■ **Required action**:
Set down the records exactly as they stand, except for any pictures, which you should omit.

*** Opening of Source records ***

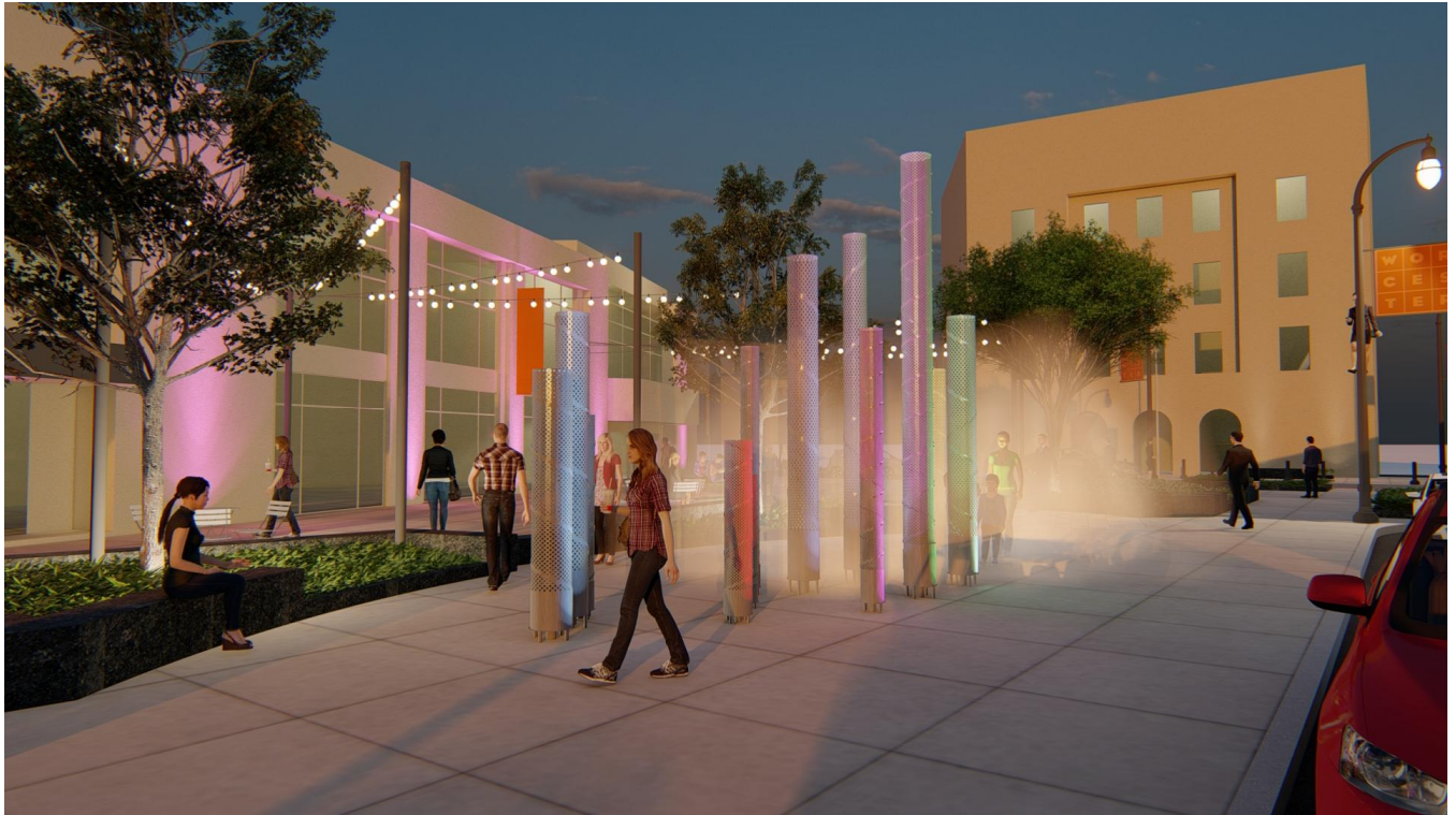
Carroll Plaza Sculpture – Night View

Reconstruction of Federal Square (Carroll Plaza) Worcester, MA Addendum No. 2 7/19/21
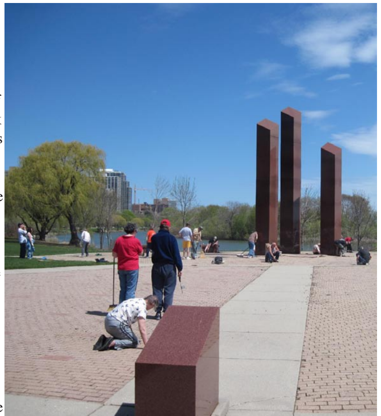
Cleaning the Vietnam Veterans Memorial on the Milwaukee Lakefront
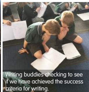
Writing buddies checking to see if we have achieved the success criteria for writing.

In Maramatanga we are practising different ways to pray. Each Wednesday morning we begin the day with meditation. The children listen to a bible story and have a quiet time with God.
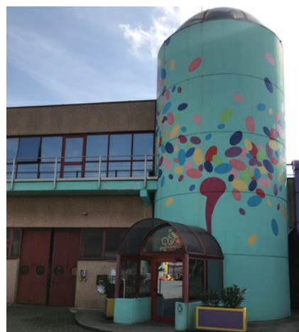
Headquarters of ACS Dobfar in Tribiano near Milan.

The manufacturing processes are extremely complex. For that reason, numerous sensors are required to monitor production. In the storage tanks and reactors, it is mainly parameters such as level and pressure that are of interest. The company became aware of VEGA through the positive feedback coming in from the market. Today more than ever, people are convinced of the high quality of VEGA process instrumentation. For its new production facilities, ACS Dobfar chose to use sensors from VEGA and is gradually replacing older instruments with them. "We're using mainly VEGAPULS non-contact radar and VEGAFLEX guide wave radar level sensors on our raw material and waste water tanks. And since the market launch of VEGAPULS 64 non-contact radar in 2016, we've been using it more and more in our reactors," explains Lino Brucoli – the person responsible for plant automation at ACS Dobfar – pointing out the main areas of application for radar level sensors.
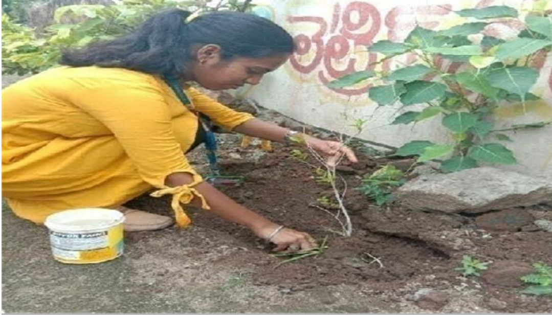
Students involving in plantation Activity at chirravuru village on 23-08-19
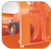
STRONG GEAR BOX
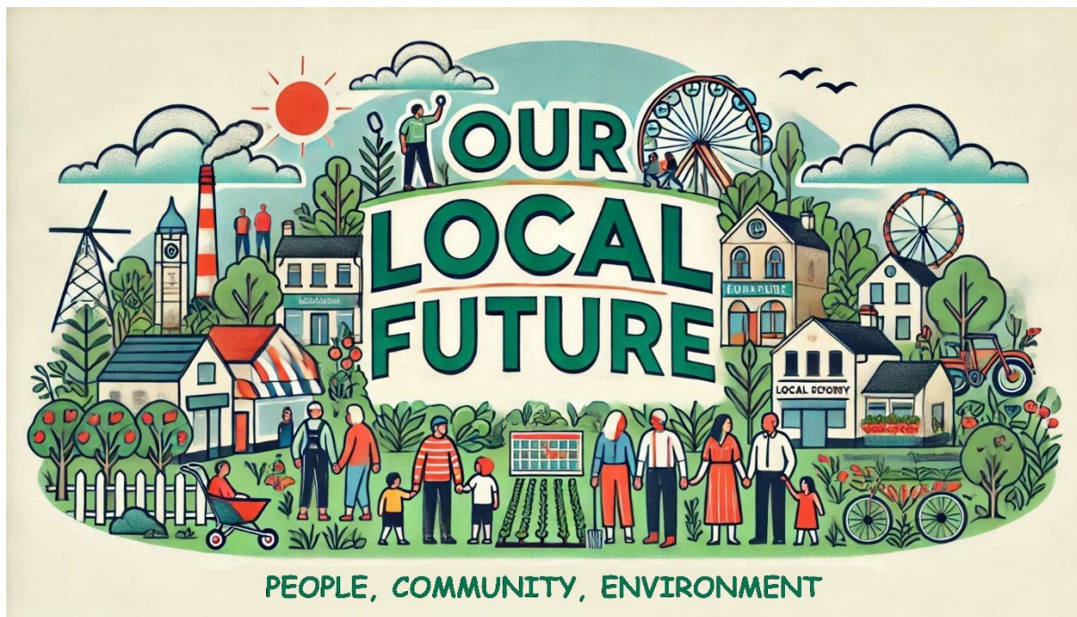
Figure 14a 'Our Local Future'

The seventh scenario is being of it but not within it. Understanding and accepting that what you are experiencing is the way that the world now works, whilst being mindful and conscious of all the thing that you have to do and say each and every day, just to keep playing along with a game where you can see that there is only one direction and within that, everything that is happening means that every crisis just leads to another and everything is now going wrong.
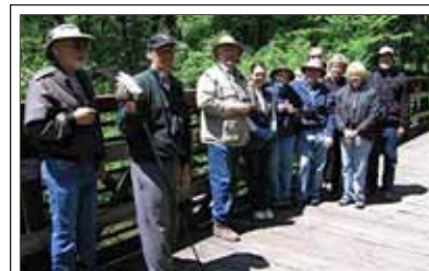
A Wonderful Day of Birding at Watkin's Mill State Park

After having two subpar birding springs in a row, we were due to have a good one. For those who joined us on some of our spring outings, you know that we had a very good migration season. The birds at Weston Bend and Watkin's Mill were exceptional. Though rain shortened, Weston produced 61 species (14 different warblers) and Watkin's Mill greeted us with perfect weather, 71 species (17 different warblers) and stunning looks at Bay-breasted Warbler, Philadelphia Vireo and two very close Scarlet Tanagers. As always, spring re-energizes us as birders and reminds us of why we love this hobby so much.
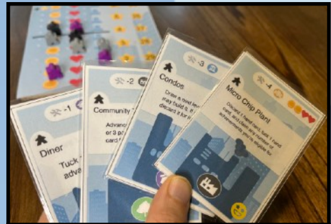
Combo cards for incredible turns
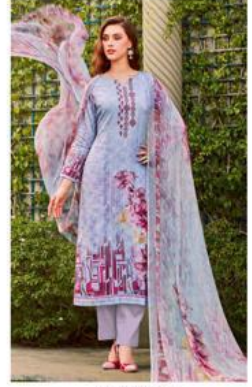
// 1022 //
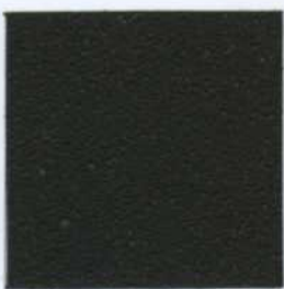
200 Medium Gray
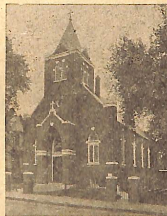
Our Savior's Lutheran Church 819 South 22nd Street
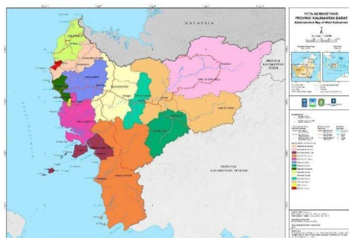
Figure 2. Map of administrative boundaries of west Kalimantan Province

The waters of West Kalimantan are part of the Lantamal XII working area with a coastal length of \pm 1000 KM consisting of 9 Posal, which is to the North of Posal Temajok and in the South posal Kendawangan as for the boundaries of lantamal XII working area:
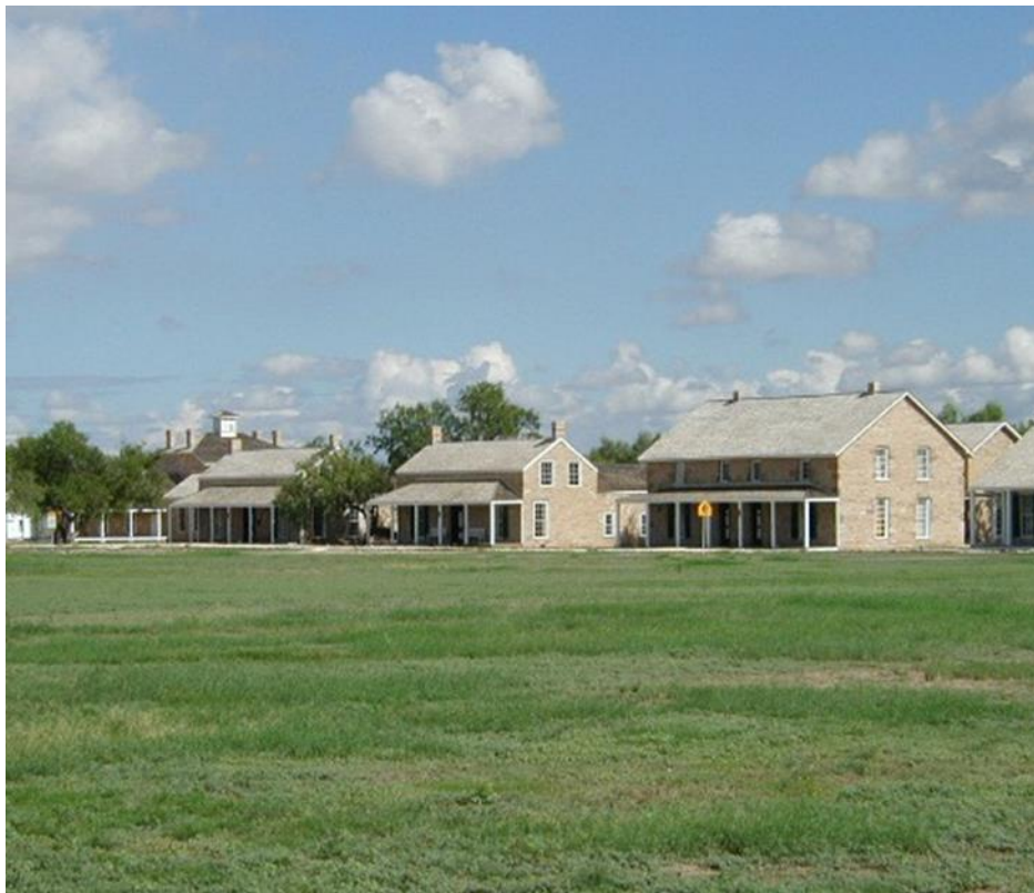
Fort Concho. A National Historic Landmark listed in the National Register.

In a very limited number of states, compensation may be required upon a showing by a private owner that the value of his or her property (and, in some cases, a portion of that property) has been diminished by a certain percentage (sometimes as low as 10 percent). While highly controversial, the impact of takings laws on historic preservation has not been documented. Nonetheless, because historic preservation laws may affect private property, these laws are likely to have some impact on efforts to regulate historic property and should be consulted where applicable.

*** Close of Source records ***

■ **Answer space**:
Carroll Plaza Sculpture – Night View

Reconstruction of Federal Square (Carroll Plaza) Worcester, MA Addendum No. 2 7/19/21
Cleaning the Vietnam Veterans Memorial on the Milwaukee Lakefront
Writing buddies checking to see if we have achieved the success criteria for writing.

In Maramatanga we are practising different ways to pray. Each Wednesday morning we begin the day with meditation. The children listen to a bible story and have a quiet time with God.
Headquarters of ACS Dobfar in Tribiano near Milan.

The manufacturing processes are extremely complex. For that reason, numerous sensors are required to monitor production. In the storage tanks and reactors, it is mainly parameters such as level and pressure that are of interest. The company became aware of VEGA through the positive feedback coming in from the market. Today more than ever, people are convinced of the high quality of VEGA process instrumentation. For its new production facilities, ACS Dobfar chose to use sensors from VEGA and is gradually replacing older instruments with them. "We're using mainly VEGAPULS non-contact radar and VEGAFLEX guide wave radar level sensors on our raw material and waste water tanks. And since the market launch of VEGAPULS 64 non-contact radar in 2016, we've been using it more and more in our reactors," explains Lino Brucoli – the person responsible for plant automation at ACS Dobfar – pointing out the main areas of application for radar level sensors.
Students involving in plantation Activity at chirravuru village on 23-08-19
STRONG GEAR BOX
Figure 14a 'Our Local Future'

The seventh scenario is being of it but not within it. Understanding and accepting that what you are experiencing is the way that the world now works, whilst being mindful and conscious of all the thing that you have to do and say each and every day, just to keep playing along with a game where you can see that there is only one direction and within that, everything that is happening means that every crisis just leads to another and everything is now going wrong.
A Wonderful Day of Birding at Watkin's Mill State Park

After having two subpar birding springs in a row, we were due to have a good one. For those who joined us on some of our spring outings, you know that we had a very good migration season. The birds at Weston Bend and Watkin's Mill were exceptional. Though rain shortened, Weston produced 61 species (14 different warblers) and Watkin's Mill greeted us with perfect weather, 71 species (17 different warblers) and stunning looks at Bay-breasted Warbler, Philadelphia Vireo and two very close Scarlet Tanagers. As always, spring re-energizes us as birders and reminds us of why we love this hobby so much.
Combo cards for incredible turns
// 1022 //
200 Medium Gray
Our Savior's Lutheran Church 819 South 22nd Street
Figure 2. Map of administrative boundaries of west Kalimantan Province

The waters of West Kalimantan are part of the Lantamal XII working area with a coastal length of \pm 1000 KM consisting of 9 Posal, which is to the North of Posal Temajok and in the South posal Kendawangan as for the boundaries of lantamal XII working area:
Fort Concho. A National Historic Landmark listed in the National Register.

In a very limited number of states, compensation may be required upon a showing by a private owner that the value of his or her property (and, in some cases, a portion of that property) has been diminished by a certain percentage (sometimes as low as 10 percent). While highly controversial, the impact of takings laws on historic preservation has not been documented. Nonetheless, because historic preservation laws may affect private property, these laws are likely to have some impact on efforts to regulate historic property and should be consulted where applicable.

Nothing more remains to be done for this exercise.